They clinked, drank and dug into Storm’s Neapolitan masterpiece.

Litha turned to Glen. “Tell me something fun. What’s your latest news?”

“Got my first assignment right before you picked me up. We, Z Team I mean, are going to Bucharest on Tuesday. Escorting a squint specialist on some unnamed mission. Something The Order wants checked out, I guess.

“Anyhow. This is it. Tuesday night at this time I’ll be Sir Catch for real. Knight Errant. Off to see the world on a bona fide version of who let the dogs out.”

Storm’s eyes twinkled with amusement and something that looked a little like pride. At least that was what Litha thought. She couldn’t imagine why Storm would be so much more emotionally engaged with the idea of Glen as hunter than he had been with the idea of Glen as administrator. But there it was.

“Dogs, huh? That’s about right. I wish you weren’t making your bones with those…”

“Don’t say it,” Glen interrupted. “They may be exactly what you’re thinking, but they’re also my team mates now.”

Storm was silent as he looked at Glen thoughtfully. He tipped his wine glass, shoved a ridiculous amount of romaine lettuce in his mouth then smiled at Glen while he chewed. Glen read his own interpretation into that response and smiled back while Litha looked from one to the other wondering what was passing between them.

“Is that who you were arguing with when I picked you up?” Litha asked semi-innocently.

Remembering her comments from earlier, Storm’s gaze shot to Litha. “That’s who you were talking about?!? Gods cursed Z team?!? Dreamy eyes and tattoos?”

Litha stared at Storm wishing to the Seven Legions that she hadn’t gone out of her way to get his jealousy juices flowing.

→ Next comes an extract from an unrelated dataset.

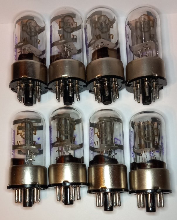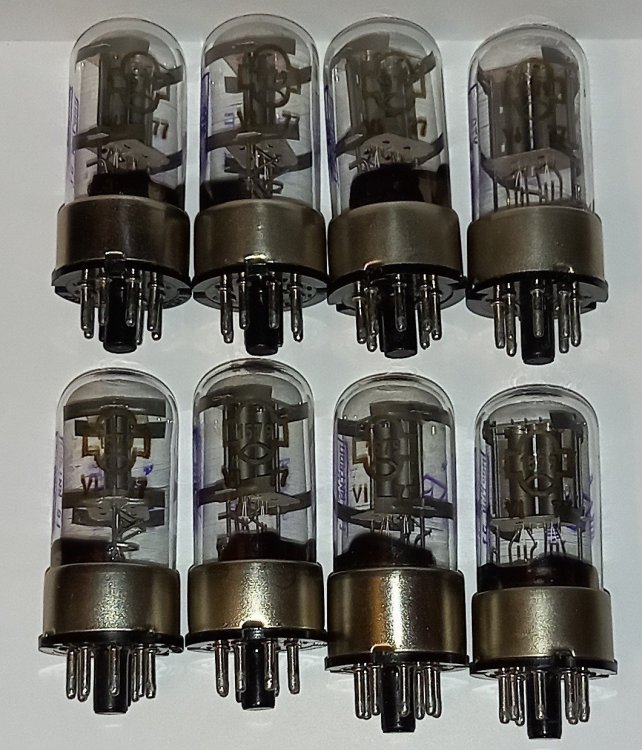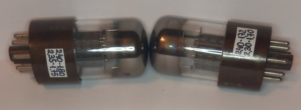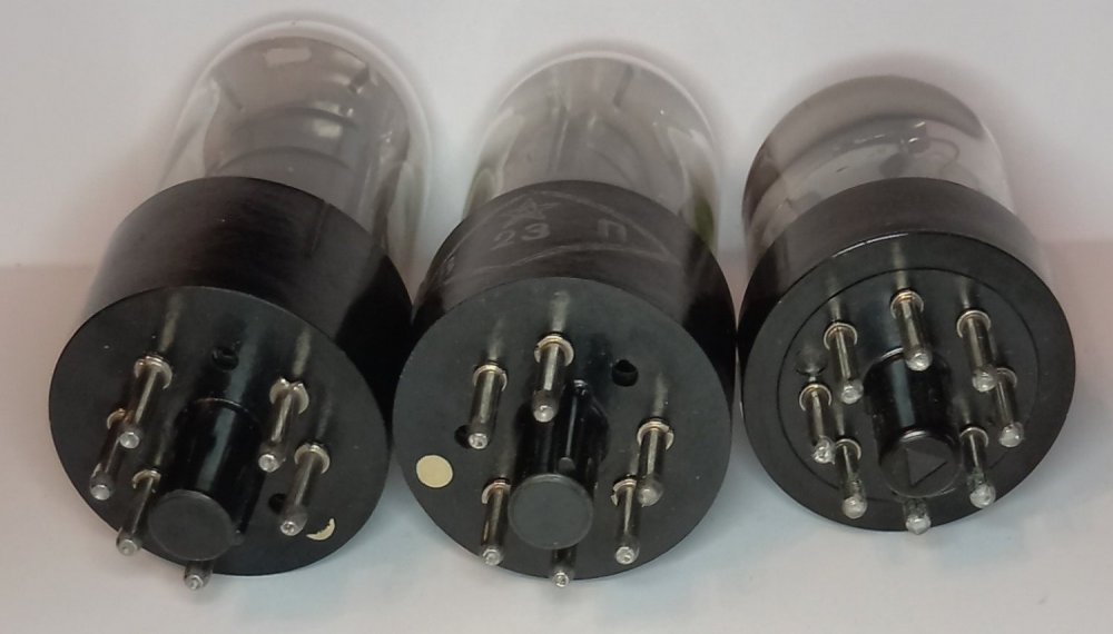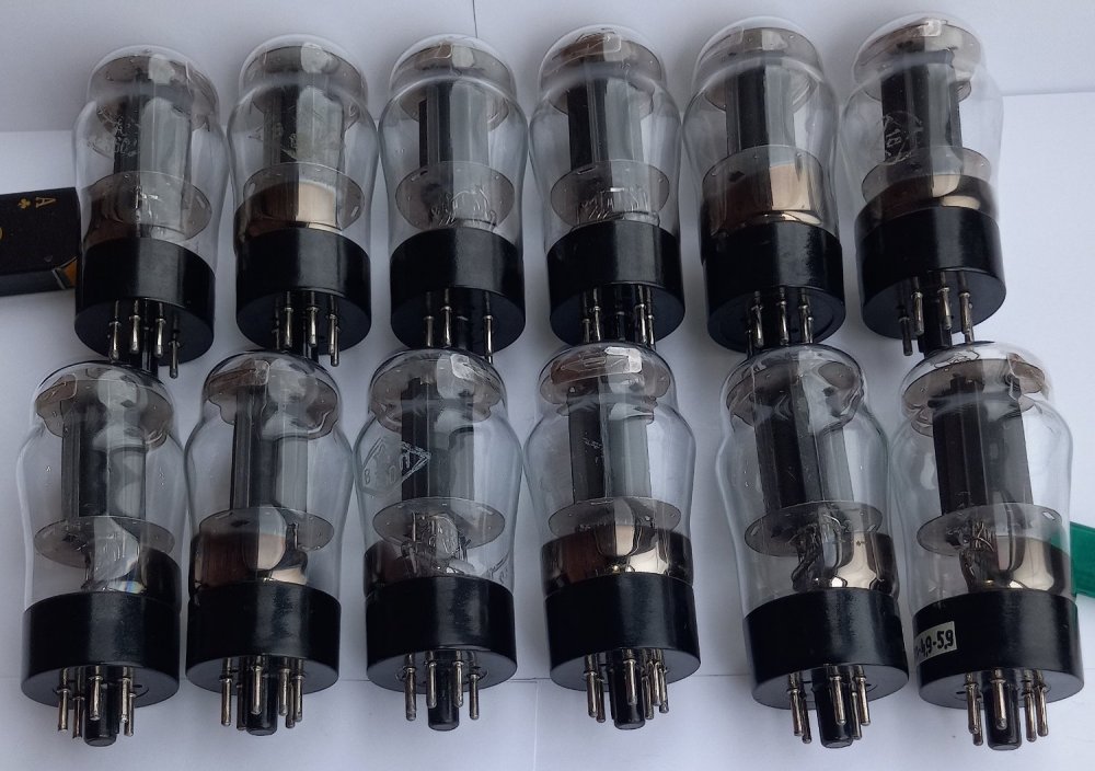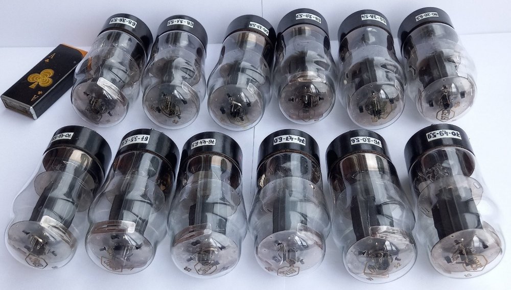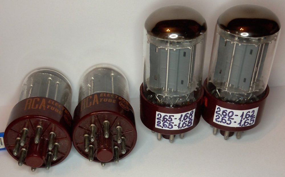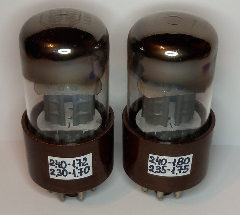 Радиолампы 6н6п 1961г.- 3 т.р.шт. Радиолампы 6н6п-ир 1972г. - 2.5 т.р.шт. ////////////////////////////////////////////////////////////////////////////////////////////// Радиолампы 6н6п , первого выпуска . с конструкцией анодной системы в виде коробки , все знают про что речь . и пояснения здесь излишне . .............................................................................................................. Радиолампы 6н6п-ир . специальная разработка , для работы в экстремальных условиях . со способностью работать при больших импульсных токах , при повышенной радиации , с большим запасом ресурсов катода . Аноды тоже в виде коробки . но в 2-2,5 раза больше по объему чем у обычных 6н6п . Вообщем все делалось для войны . Данные лампы показали просто отличные звуковые качества и свойства . в аудио трактах , усилительной техники .

“Yes. It was Z Team,” Glen said quietly. Storm and Litha were staring at each other. Neither acknowledged Glen’s comment in any way. “I’d offer to leave, but I wouldn’t get back until after I have to report tomorrow morning. I’d probably have to walk to the interstate then hitchhike to the airport and gods only know when I’d get a flight to Newark. And with the time difference…”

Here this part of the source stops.